Вулканы, любовь и прочие бедствия - Бьёрнсдоттир Сигридур Хагалин. Страница 4
Остальные молчат. Старикан возносит над нами голову и широкие плечи, скрещивает на груди мускулистые руки в потертом свитере, жует свою никотиновую жвачку и сердито смотрит на меня. Я встречаю его взгляд и поднимаю брови: слетать и разведать обстановку не помешает.
— Это истерия, и больше ничего. Вроде того, что у вас с Торбьёрном было. По-моему, вам лучше полетать над Баурдарбунгой, проверить котловины в Ватнайёкюдле. Вот что я думаю.

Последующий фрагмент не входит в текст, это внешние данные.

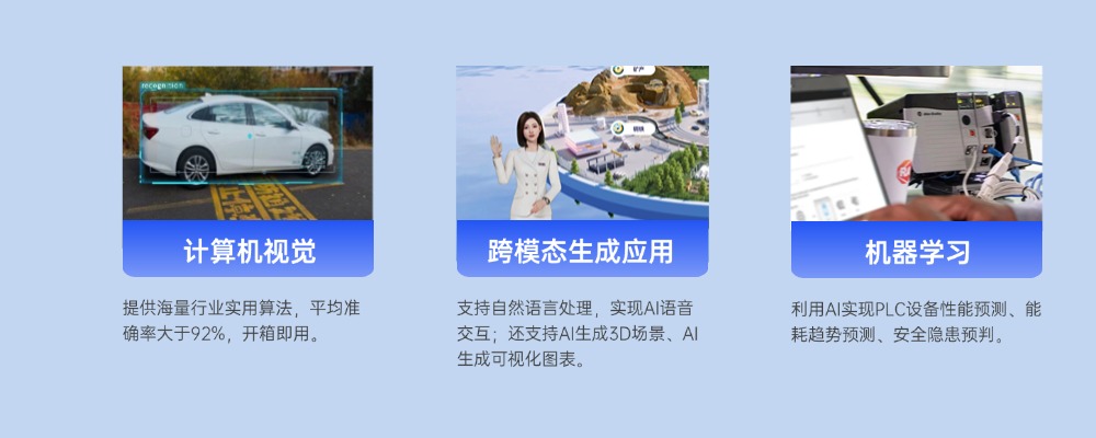 將AI應(yīng)用于多個業(yè)務(wù)場景,在計(jì)算機(jī)視覺層面,提供海量行業(yè)使用算法;在跨模態(tài)生成應(yīng)用層面,提供自然語言處理、AI生成3D場景、AI生成可視化圖表等;在機(jī)器學(xué)習(xí)層面,實(shí)現(xiàn)PLC設(shè)備性能預(yù)測、能耗趨勢預(yù)測、安全隱患預(yù)判等

Он, как и я, прекрасно знает, что сейчас с Баурдарбунгой ничего не происходит, но дерзит, словно подросток, хотя ему уже вот-вот стукнет шестьдесят. У меня с ним бывали серьезные разговоры из-за его перепалок с коллегами-женщинами и опасного поведения в зоне извержений, и он всегда выкручивался, лишь однажды схлопотав замечание — когда попал на первые полосы зарубежных СМИ во время извержения на Холухрёйне. Тогда он вскочил на каменную плиту, плывшую по потоку раскаленной магмы, и стал позировать и усмехаться в объективы фотоаппаратов, точно адский серфер.

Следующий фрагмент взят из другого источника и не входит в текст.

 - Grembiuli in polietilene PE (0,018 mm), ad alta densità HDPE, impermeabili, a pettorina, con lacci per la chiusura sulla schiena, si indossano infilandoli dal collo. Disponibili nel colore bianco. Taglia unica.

— Может, по-твоему, это и истерия, — отвечаю я, — но, сколько себя помню, геология основывается не на твоих взглядах, а на измерениях и научном наблюдении.
— Надо же снизить степень неопределенности, там же абсолютно ни фига не происходит. Как и в Гриндавике.
Я подхожу к нему, скрещиваю руки, смотрю ему прямо в глаза:
— Йоуи, ты у нас такой чувствительный! Наверно, Метеоцентру надо вырубить все свои сейсмографы, а вместо них подключить тебя.
Наши взгляды встречаются, коллеги наблюдают за нами и ждут, что произойдет. Потом он опускает глаза и ухмыляется, приглаживает седые волосы:
— Фру, вы очень бодры в этот ранний час.
— Ты, как и я, знаешь, насколько неточными бывают данные, когда толчки происходят в море; может быть, у нас тут под боком произойдет подводное извержение, а мы и не узнаем. Оттого, что мы туда слетаем, ведь не убудет? Но ты, конечно, лучше сам бы слетал, для верности.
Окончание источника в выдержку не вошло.